Introduction
A normal distribution is widely known and used in statistics. Because of the central limit theorem the normal distribution explains the data well in many cases. However, in practice the data distribution might be multimodal, i.e. the probability density function has several ‘bumps’. For example, the distribution of hardcover and paperback books prices, as producing a hardcover book is more expensive.
One way to exploit the nice properties of normal distributions for such multimodal data is to use the Gaussian Mixture Model. This combines several normal distributions with different parameters.
The Gaussian Mixture Model is a generative model that assumes the data is distributed as a Gaussian mixture. It can be used for density estimation and clustering. But, first things first.
Gaussian Mixture
The Gaussian Mixture Model defines a probability distribution on the data of the specific form — the mixture of Gaussians. Though you may rightly ask, “What is the Gaussian mixture exactly?” Gaussian mixture distribution is a linear superposition of m Gaussian components. This is not to be confused with a sum of random variables distributed as Gaussians — this sum is distributed as Gaussian too. Here we sum up not the random variables, but probability density functions with weight coefficients which summing up to 1.

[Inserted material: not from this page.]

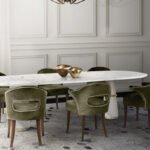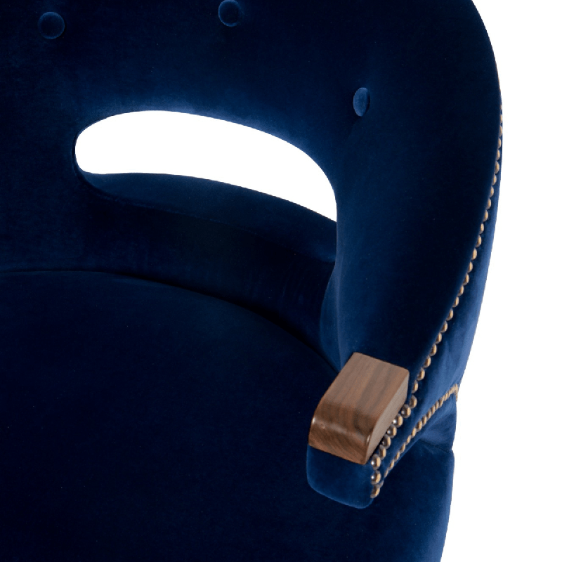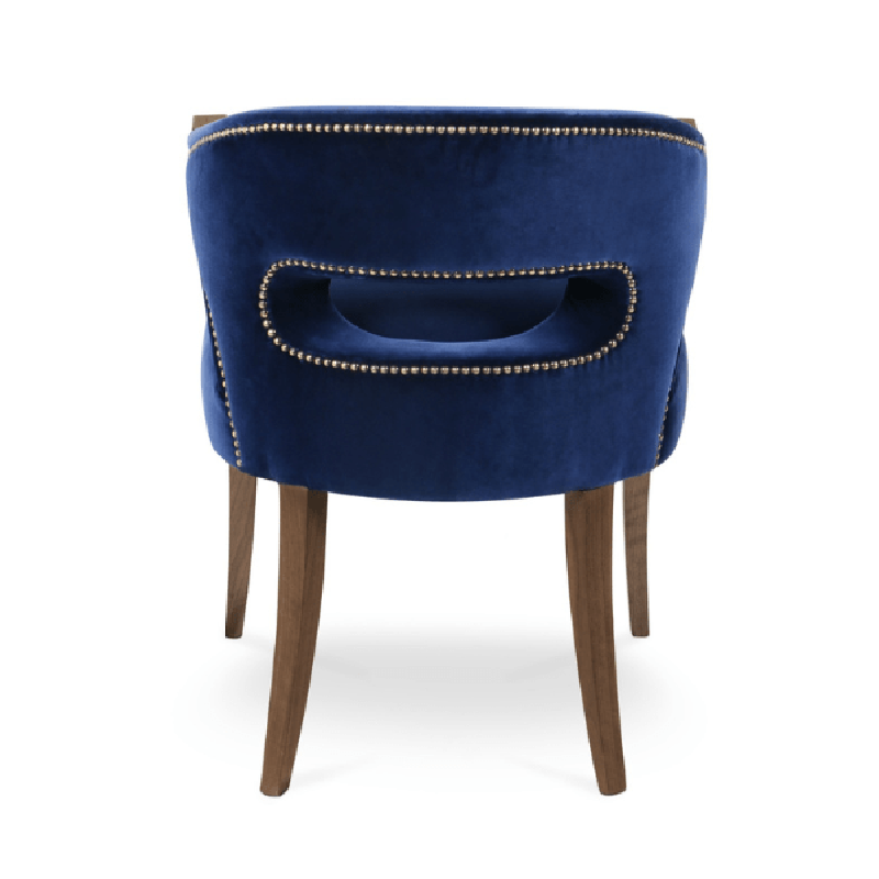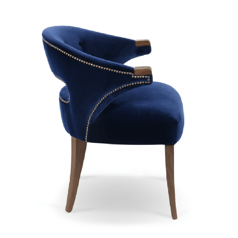 This luxurious dining chair features soft upholstery, complemented by elegant wood legs and a chic curved backrest with stylish nail head detailing. Its sophisticated design adds a touch of glamour and comfort to any modern or classic dining space.

\[\begin{align*} &p(x) = \sum_{k=1}^K \pi_k\; \mathcal{N}\left(\boldsymbol{x} \mid \boldsymbol{\mu}_k, \boldsymbol{\Sigma}_k\right) \\ &0 \leq \pi_k \leq 1 \text { for all } k=1, \ldots, K \\ &\sum_{k=1}^K \pi_k=1 \end{align*}\]This way we obtain the distribution which comprises of multiple Gaussian components. If the means are far enough, then we might get a distribution with several ‘bumps’, in other words, multimodal distribution. The parameters of this distribution are the weights pi, means, and covariance matrices for each component. The weight coefficients, also called mixing parameters, show how much of the respective component is in the resulting distribution.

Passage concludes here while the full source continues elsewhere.